--- Directions ---
For the listing below, return the line containing "Equipped with a", the line containing "nhất của họ.", and all lines in between, exactly as written and nothing else.

--- Excerpted data ---
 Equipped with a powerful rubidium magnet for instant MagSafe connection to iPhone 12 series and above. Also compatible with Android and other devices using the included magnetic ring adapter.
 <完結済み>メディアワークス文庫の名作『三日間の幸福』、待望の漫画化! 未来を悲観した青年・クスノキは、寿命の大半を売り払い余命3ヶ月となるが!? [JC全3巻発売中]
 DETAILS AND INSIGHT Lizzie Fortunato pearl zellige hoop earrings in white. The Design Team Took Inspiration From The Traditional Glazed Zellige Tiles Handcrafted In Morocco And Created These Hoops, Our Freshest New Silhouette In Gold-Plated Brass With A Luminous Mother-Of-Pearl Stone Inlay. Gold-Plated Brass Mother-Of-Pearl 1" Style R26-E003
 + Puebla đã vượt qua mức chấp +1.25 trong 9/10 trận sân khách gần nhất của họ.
--
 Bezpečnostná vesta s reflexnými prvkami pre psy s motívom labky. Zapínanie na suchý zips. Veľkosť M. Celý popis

--- Written solution ---
 Equipped with a powerful rubidium magnet for instant MagSafe connection to iPhone 12 series and above. Also compatible with Android and other devices using the included magnetic ring adapter.
 <完結済み>メディアワークス文庫の名作『三日間の幸福』、待望の漫画化! 未来を悲観した青年・クスノキは、寿命の大半を売り払い余命3ヶ月となるが!? [JC全3巻発売中]
 DETAILS AND INSIGHT Lizzie Fortunato pearl zellige hoop earrings in white. The Design Team Took Inspiration From The Traditional Glazed Zellige Tiles Handcrafted In Morocco And Created These Hoops, Our Freshest New Silhouette In Gold-Plated Brass With A Luminous Mother-Of-Pearl Stone Inlay. Gold-Plated Brass Mother-Of-Pearl 1" Style R26-E003
 + Puebla đã vượt qua mức chấp +1.25 trong 9/10 trận sân khách gần nhất của họ.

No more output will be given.